Warsaw : Poland
On February 27, 1861 a crowd in Warsaw protesting Russian rule over Poland was fired upon by Russian troops killing five protesters. Warsaw become the capital of newly independent Poland again in 1918.
Warsaw flourished in the late nineteenth century under Mayor Sokrates Starynkiewicz (1875 – 1892), a Russian-born General appointed by Tsar Alexander III. Under Starynkiewicz, Warsaw saw its first water and sewerage system designed and built (by English engineer William Lindley and his son, William Heerlein Lindley), as well as expansion or modernization of trams, street lighting and gas works.
In the course of the Polish-Bolshevik War of 1920 there was a huge Battle of Warsaw fought on the eastern outskirts of the city in which the capital of Poland was defended and the Red Army defeated.

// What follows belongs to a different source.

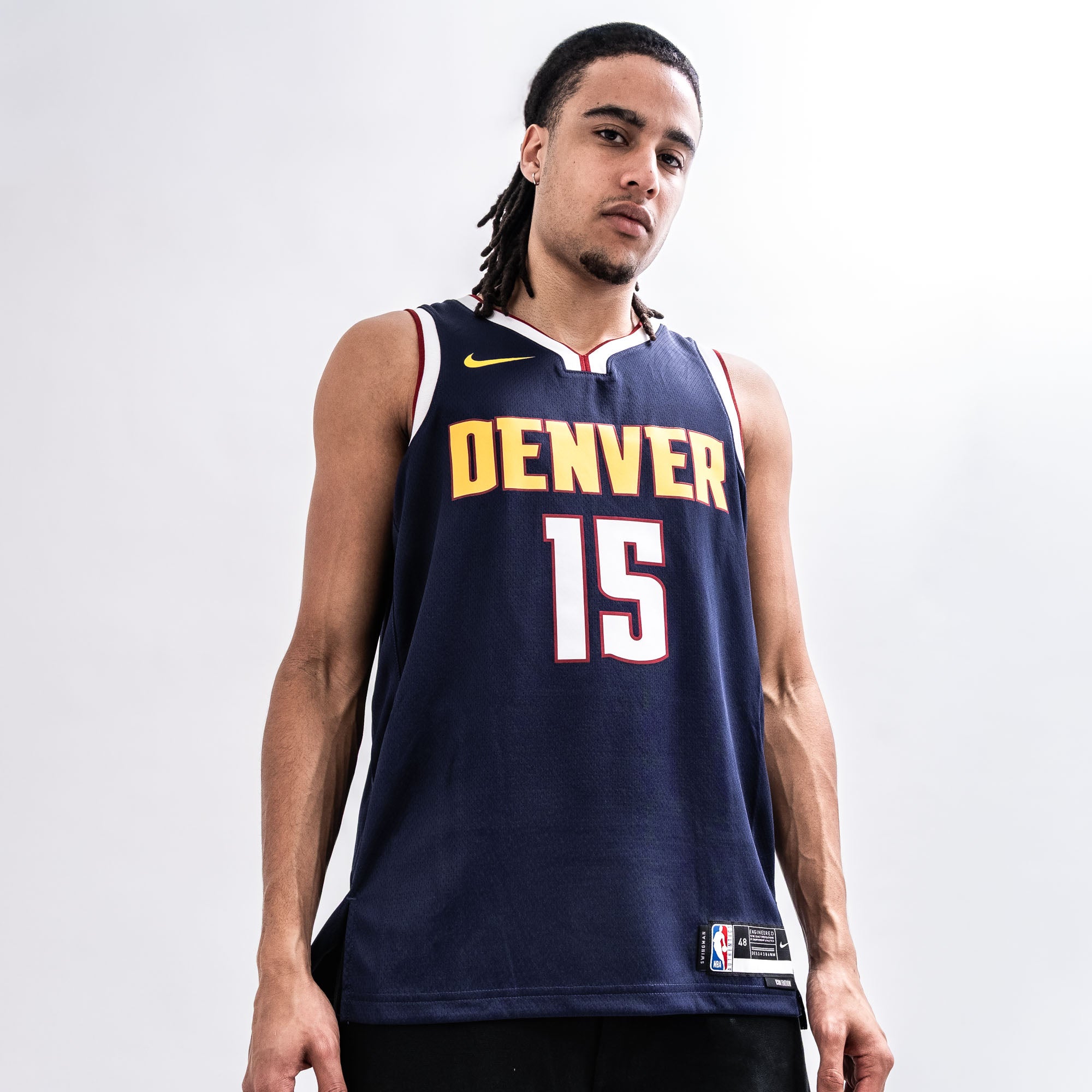 The Icon Edition jersey represents the franchise's rich heritage and iconic identity. expressed through the team's bold colors. The Nike NBA Icon Edition Swingman Jersey of the Denver Nuggets is inspired by what the pros wear. Premium double-knit fabric has a classic jersey construction and a fit that looks great on fans. This product is made with 100% recycled polyester fibers.
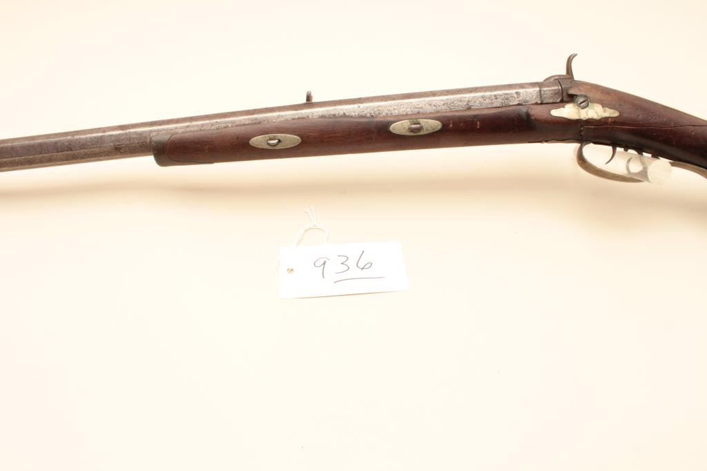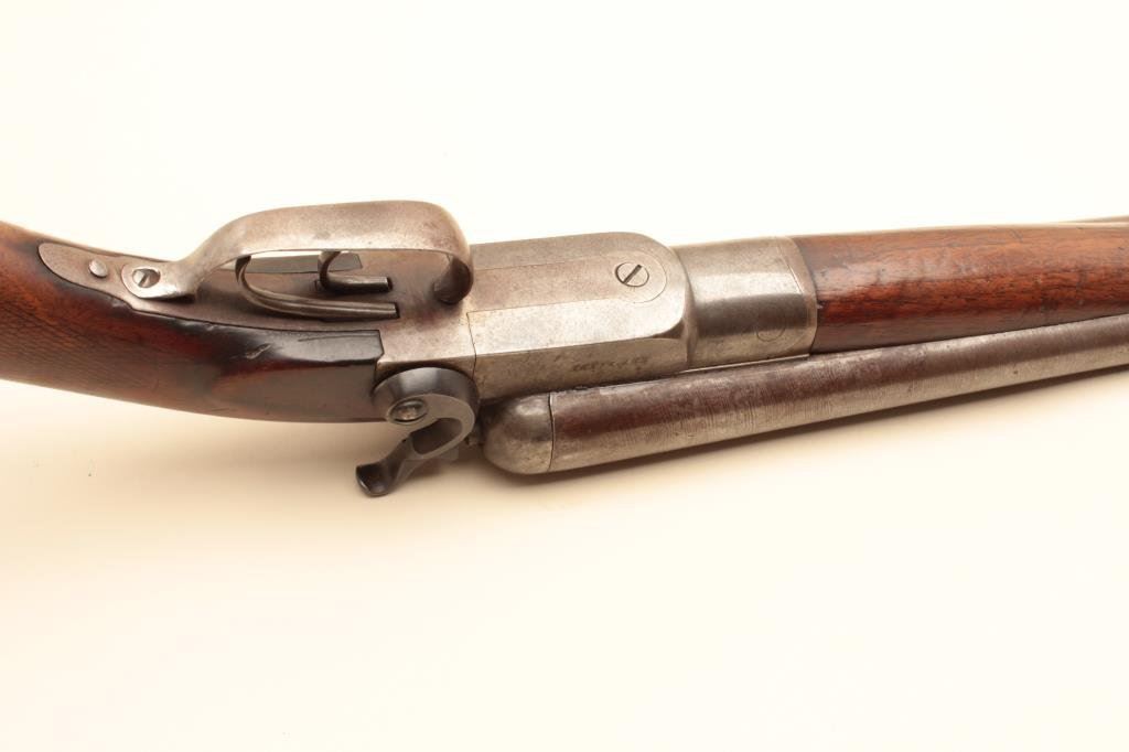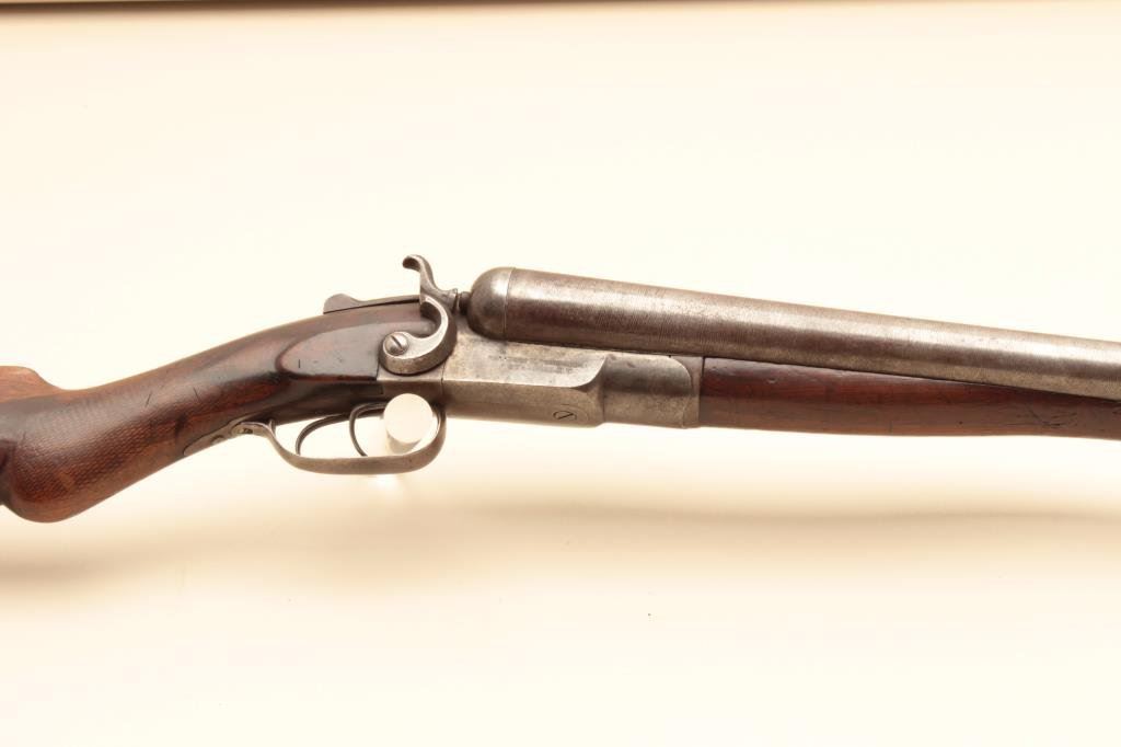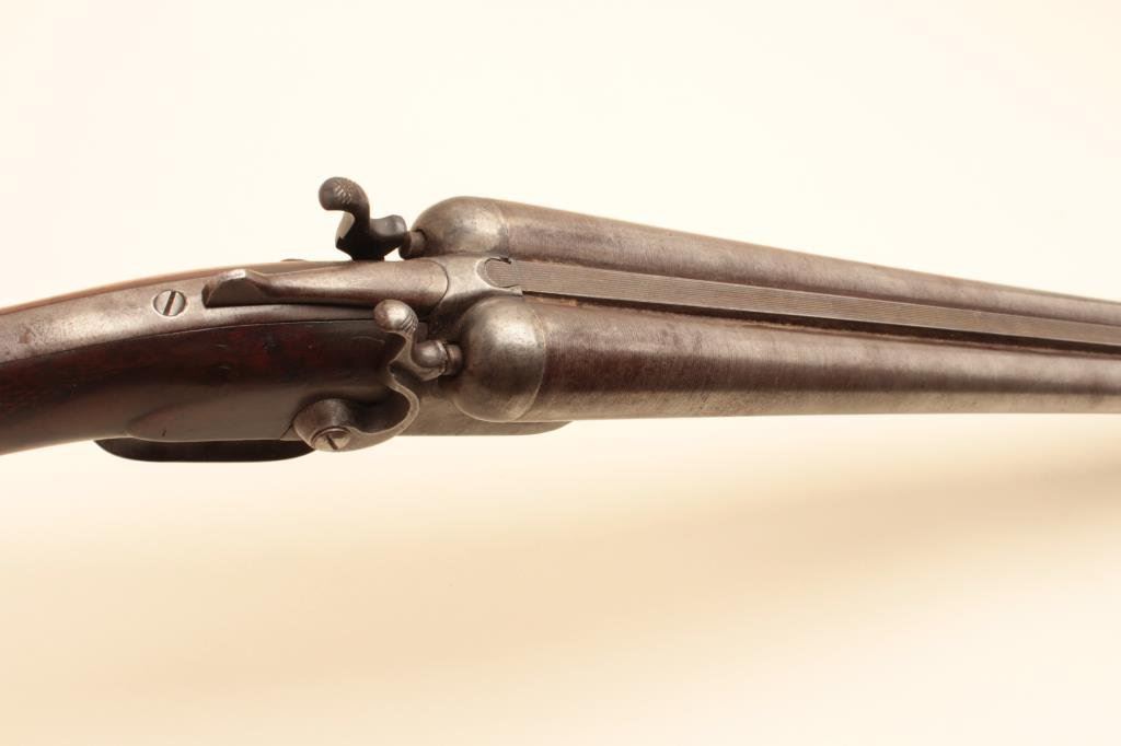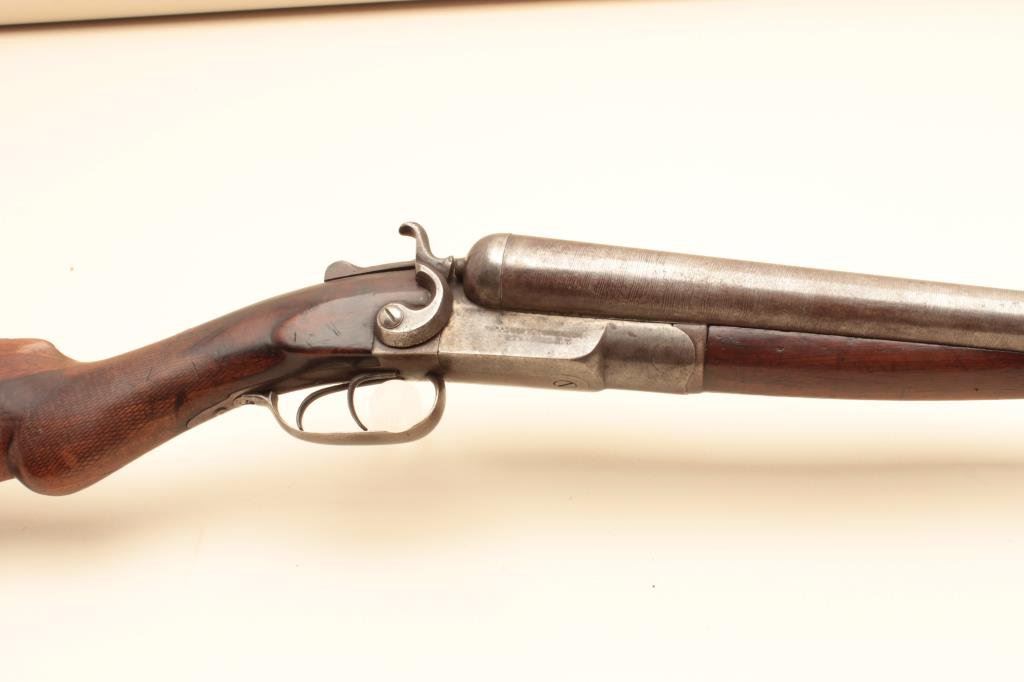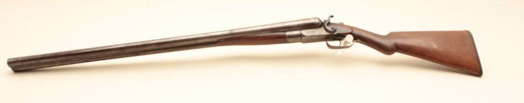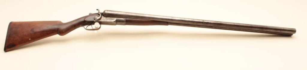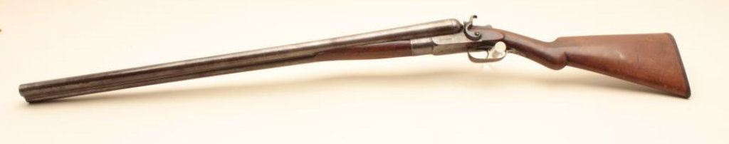 #NSNV. The shotgun is in fair overall condition with 32” Damascus barrels with a full-length filed rib and steel bead front sight. The metal surfaces have gone to a mottled grey patina with some old toned case hardening still evident in the action. The checkered wood stocks are in fair condition showing heavy use with mars and flattening of the checkering. The butt stock ends with a hard rubber butt plate providing a 14” LOP to the front trigger. The bores are fair, the action functions and the markings are sharp. (Antique). $300-$600.

Warsaw is notable among Europe’s capital cities not for its size, its age, or its beauty but for its indestructibility. It is a phoenix that has risen repeatedly from the ashes. Having suffered dreadful damage during the Swedish and Prussian wars of 1655-1656, it was again assaulted in 1794, when the Russian army massacred the population of the right-bank suburb of Praga. Its most remarkable act of survival, though, was its rebirth following almost complete destruction during the Second World War.